Problem to work on
Return the lines of the listing below exactly as they appear, beginning at the one with "You cannot start" and stopping after the one with "MEET ROY logo系列3d狗头印花T恤01MR1405"; do not include pictures.

[Opening Information shown section]

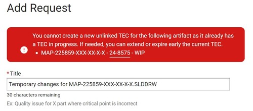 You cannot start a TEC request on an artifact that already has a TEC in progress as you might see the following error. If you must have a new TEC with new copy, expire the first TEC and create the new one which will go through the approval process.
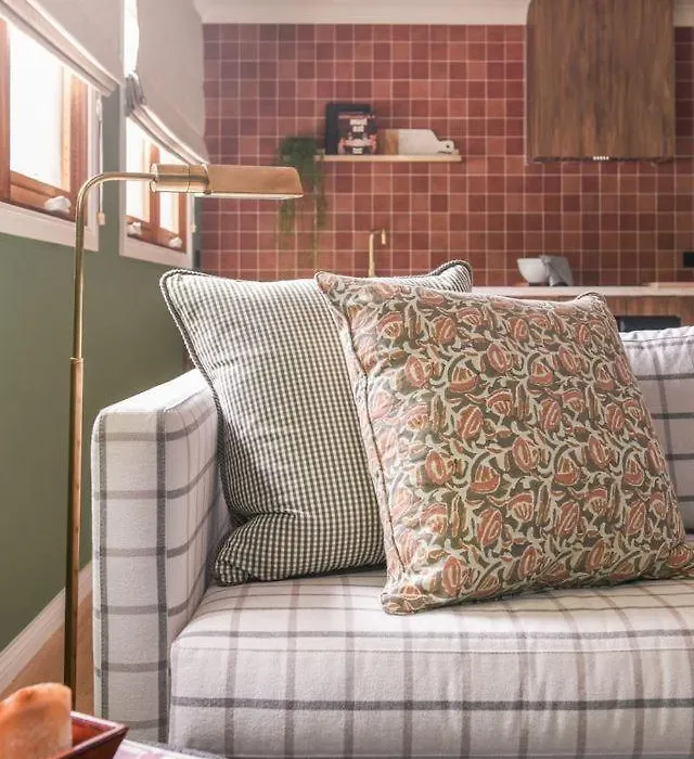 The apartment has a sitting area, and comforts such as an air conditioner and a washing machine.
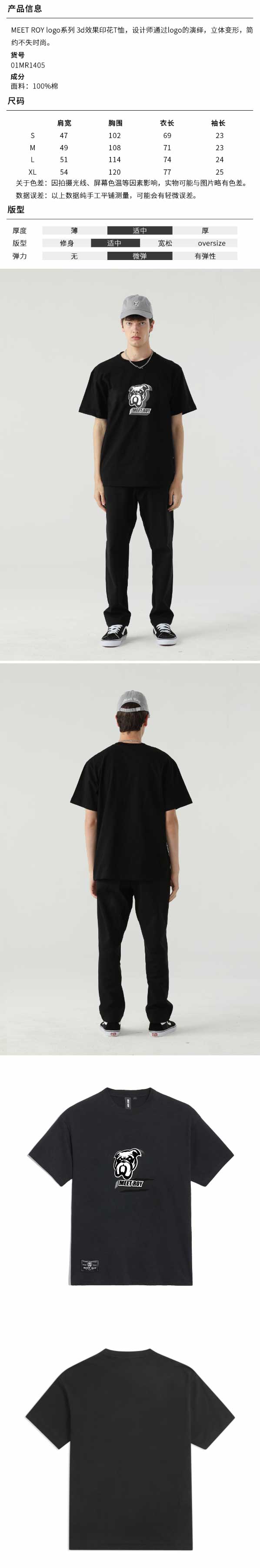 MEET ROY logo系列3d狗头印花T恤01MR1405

[Closing Information shown section]
[Opening Information shown section]

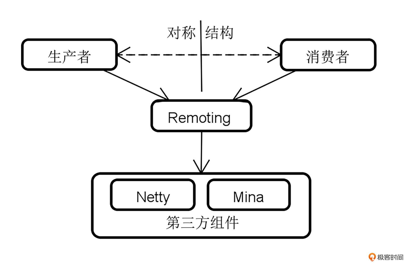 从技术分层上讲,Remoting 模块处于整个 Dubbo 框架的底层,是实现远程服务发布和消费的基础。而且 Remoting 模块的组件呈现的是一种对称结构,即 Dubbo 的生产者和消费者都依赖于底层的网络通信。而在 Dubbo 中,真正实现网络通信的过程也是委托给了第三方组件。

[Closing Information shown section]

Reply
 You cannot start a TEC request on an artifact that already has a TEC in progress as you might see the following error. If you must have a new TEC with new copy, expire the first TEC and create the new one which will go through the approval process.
 The apartment has a sitting area, and comforts such as an air conditioner and a washing machine.
 MEET ROY logo系列3d狗头印花T恤01MR1405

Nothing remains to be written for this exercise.